What the task asks — Output must consist only of the lines of the material below from the one with "一時、雨脚が強くなりましたが" through the one with "坂戸市T様邸。カーポート設置後土間コンクリート打設工事完了です👷", each reproduced exactly; no pictures belong in it.

Material for this task —
═══

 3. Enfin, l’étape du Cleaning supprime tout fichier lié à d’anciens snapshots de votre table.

═══

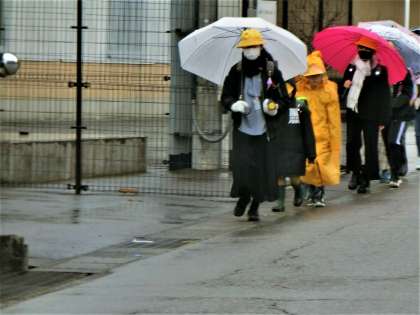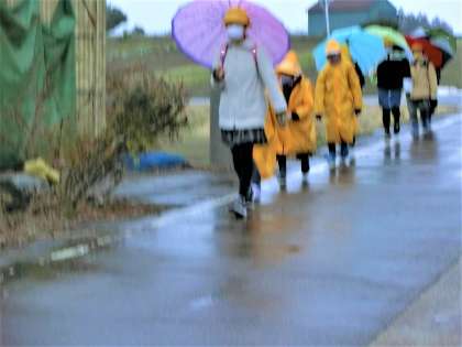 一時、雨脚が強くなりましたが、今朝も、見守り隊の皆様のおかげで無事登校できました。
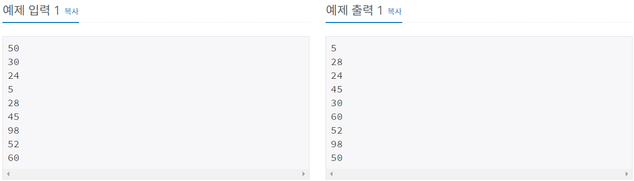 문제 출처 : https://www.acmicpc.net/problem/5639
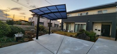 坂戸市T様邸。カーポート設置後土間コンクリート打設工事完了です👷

═══

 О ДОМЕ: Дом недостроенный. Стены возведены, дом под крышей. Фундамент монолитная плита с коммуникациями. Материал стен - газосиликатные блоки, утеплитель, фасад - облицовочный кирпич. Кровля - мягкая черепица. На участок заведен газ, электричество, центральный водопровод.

═══

Solution —
 一時、雨脚が強くなりましたが、今朝も、見守り隊の皆様のおかげで無事登校できました。
 문제 출처 : https://www.acmicpc.net/problem/5639
 坂戸市T様邸。カーポート設置後土間コンクリート打設工事完了です👷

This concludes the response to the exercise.